- **THE TASK**: Only the lines from the one holding "Я решила не" through the end of the material are to be repeated, exactly and without pictures.
=====
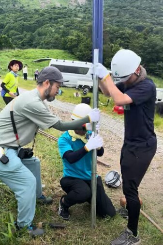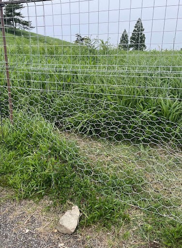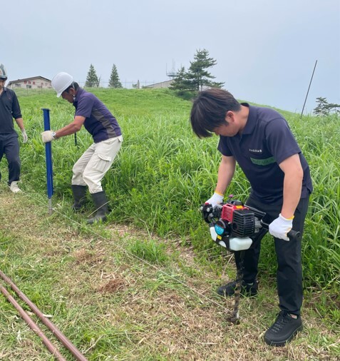 3合目の草原にはユウスゲの群生地があり、既にニホンジカなどによる食害対策として防護ネットが設置されいますが、防護ネットを剥がす作業と金属柵の設置しました。
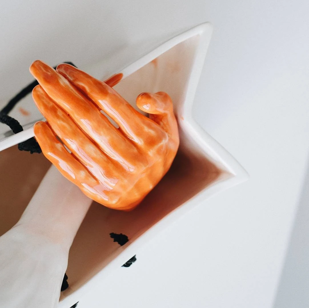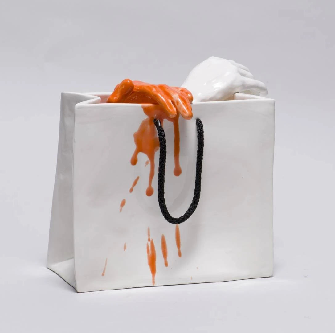 Я решила не привязываться в работе к конкретным брендам, но при этом хотела вызвать ассоциативный ряд с миром моды. Я выбрала яркий оранжевый цвет, который отсылает к фирменному пакету ЦУМ. Необъяснимый ажиотаж вокруг этих пакетов вызывает много вопросов.
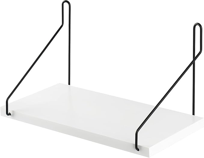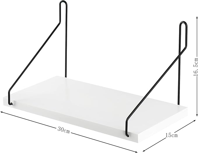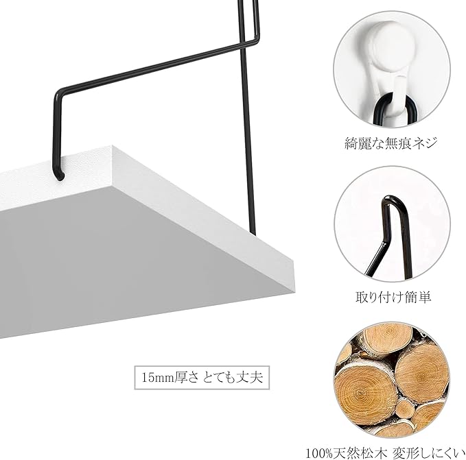 ウォールシェルフ 天然木 壁掛け棚 鉄製 ワイヤー壁棚 賃貸 飾り棚 壁面収納 無痕釘 ネジ 木製 (ホワイト, 30cm)
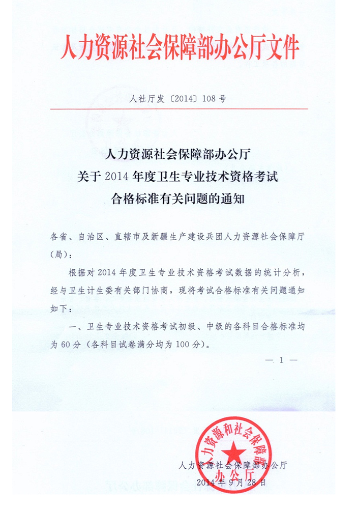 2014年度衛(wèi)生專業(yè)技術(shù)資格考試合格標(biāo)準(zhǔn)及有關(guān)問(wèn)題通知
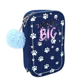 Com um design moderno e autêntico, este estojo possui estampa vibrante "Dream Big" em um fundo azul que remete ao jeans, conferindo um toque descolado e resistente. O charme extra fica por conta do adorável chaveiro de pompom azul, que adiciona um toque divertido e único ao seu material escolar.
=====
- **OUTPUT BELOW**:
 Я решила не привязываться в работе к конкретным брендам, но при этом хотела вызвать ассоциативный ряд с миром моды. Я выбрала яркий оранжевый цвет, который отсылает к фирменному пакету ЦУМ. Необъяснимый ажиотаж вокруг этих пакетов вызывает много вопросов.
 ウォールシェルフ 天然木 壁掛け棚 鉄製 ワイヤー壁棚 賃貸 飾り棚 壁面収納 無痕釘 ネジ 木製 (ホワイト, 30cm)
 2014年度衛(wèi)生專業(yè)技術(shù)資格考試合格標(biāo)準(zhǔn)及有關(guān)問(wèn)題通知
 Com um design moderno e autêntico, este estojo possui estampa vibrante "Dream Big" em um fundo azul que remete ao jeans, conferindo um toque descolado e resistente. O charme extra fica por conta do adorável chaveiro de pompom azul, que adiciona um toque divertido e único ao seu material escolar.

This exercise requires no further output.